Iranian agency drops Rafsanjani remarks accusing Syrian government of using chemicals
DUBAI - Reuters
A handout picture released by the official website of Iran's supreme leader, Ayatollah Ali Khamenei, shows Iran's new President Hasan Rowhani (3rd L), Parliament Speaker Ali Larijani (2nd L) and Iran's former president Akbar Hashemi Rafsanjani (L) on Aug. 9. AFP photo / Khamenei.ir
An Iranian news agency quoted former President Akbar Hashemi Rafsanjani as saying Syria's government had attacked its own people with chemical weapons, but later replaced the report with a different version that did not attribute blame for the raid.The second version by the semi-official Iranian Labour News Agency reported him as saying on Sept. 1: "On the one hand the people of Syria are the target of a chemical attack, and now they must wait for an attack by foreigners."
In the earlier version, the quote was: "The people have been the target of a chemical attack by their own government and now they must also wait for an attack by foreigners."
The earlier version of his remarks differed sharply from comments by other Iranian officials, who have said rebels trying to oust Syrian President Bashar al-Assad were responsible for a poison gas attack on the outskirts of Damascus on Aug. 21.
The attack has drawn Western threats of military reprisals against the Syrian government, an ally of Iran.
In other remarks which were unchanged, Rafsanjani went on: "Right now America, the Western world along with some of the Arab countries are nearly issuing a clarion call for war in Syria - may God have mercy on the people of Syria," he said.
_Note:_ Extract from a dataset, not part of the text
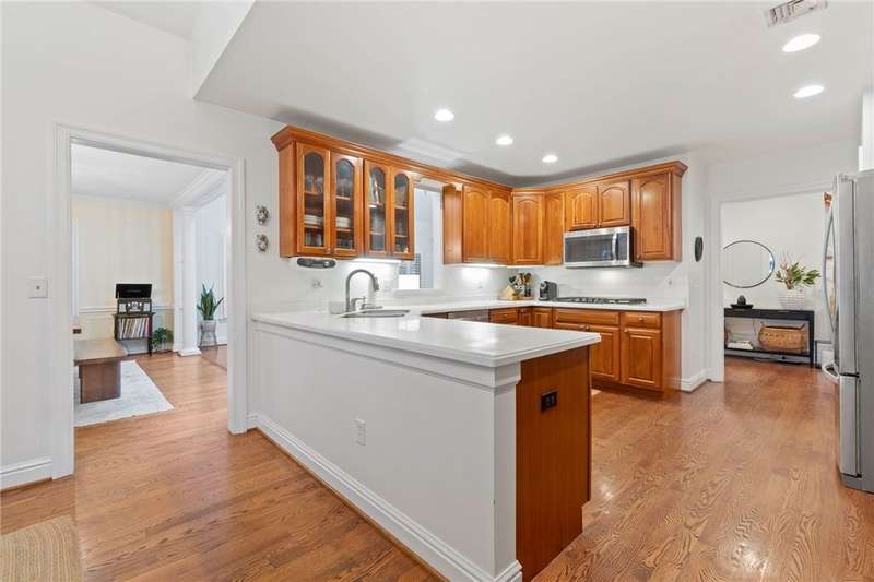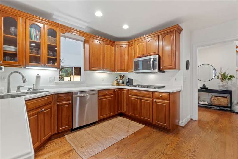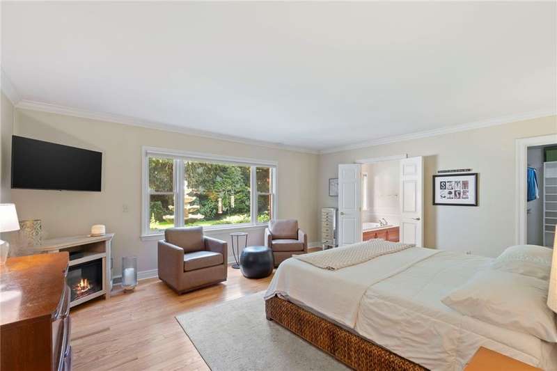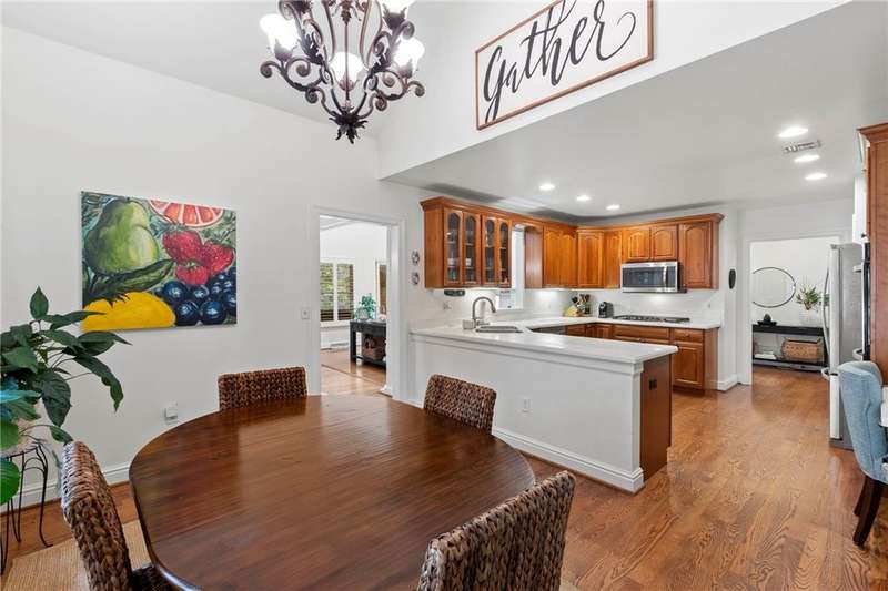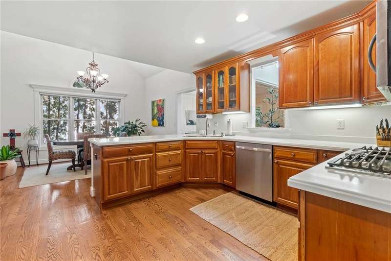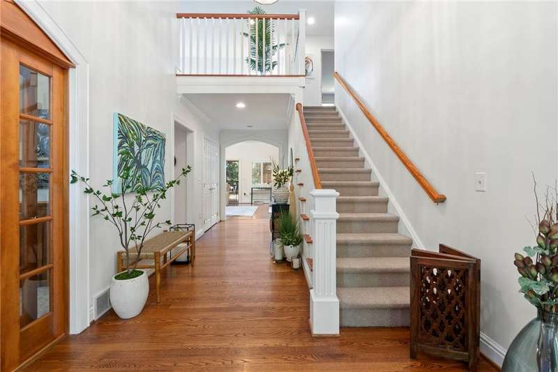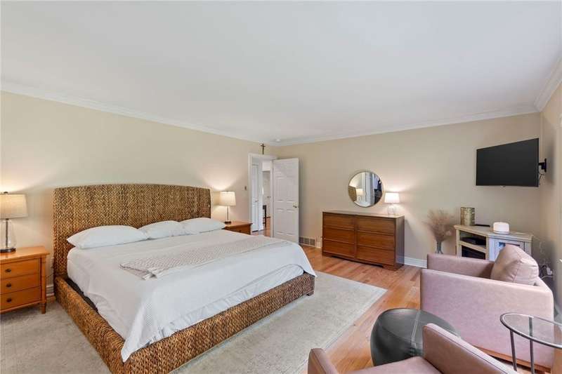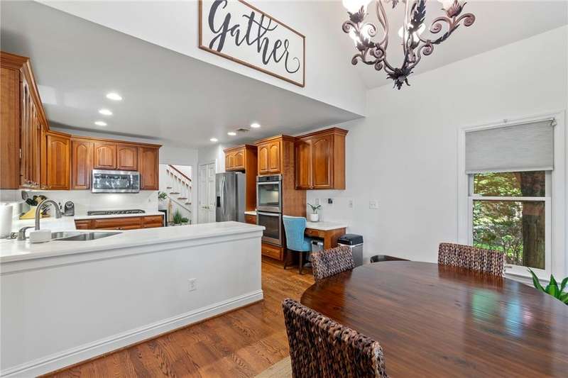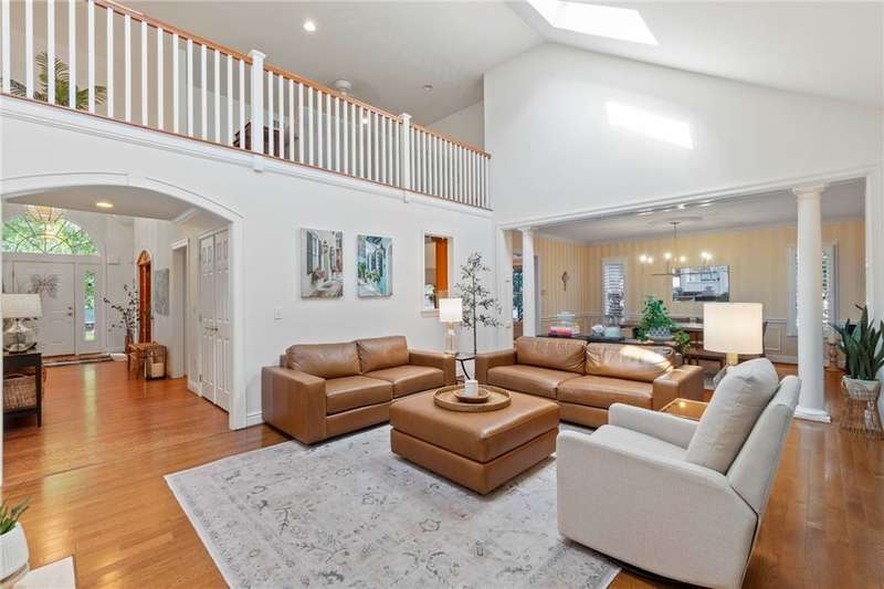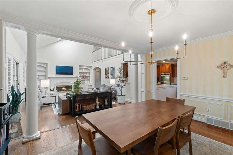 In the highly sought-after Summit of Oakmont, 4 bedroom brick French Provincial home offers timeless elegance. Stamped concrete driveway leads to the entry & rich hardwood floors flow to a stunning open great room with soaring ceilings & an airy loft-style family room above. Den is a standout, ideal for remote work, w/ classic wood paneling, French doors, large windows & custom built-ins. Equipped with stainless steel appliances, the kitchen is well designed, peninsula counter & bright morning room for casual meals. Dining room & living room create perfect flow for entertaining. Coveted 1st floor primary, with jetted tub, shower, dual vanities, & walk-in closet. 1st flr. laundry=convenience. From the great room to a covered patio oasis, you'll enjoy outdoor living with a stone gas fireplace, TV & outdoor kitchen surrounded by professionally landscaped & fenced back yard. Upstairs an open family room, 3 bedrooms & full bath. Lower level is finished with a full bath & plenty of storage.

"The people of Syria have seen much damage in these two years, the prisons are overflowing and they've converted stadiums into prisons, more than 100,000 people killed and millions displaced," he added.
Rafsanjani is a close ally of Iranian President Hassan Rouhani and chairs Iran's Expediency Council, which advises Iran's Supreme Leader Ayatollah Ali Khamenei.
Iranian soldiers suffered chemical weapons attacks during the country's 1980-1988 war with Iraq, and Iran has repeatedly condemned their use.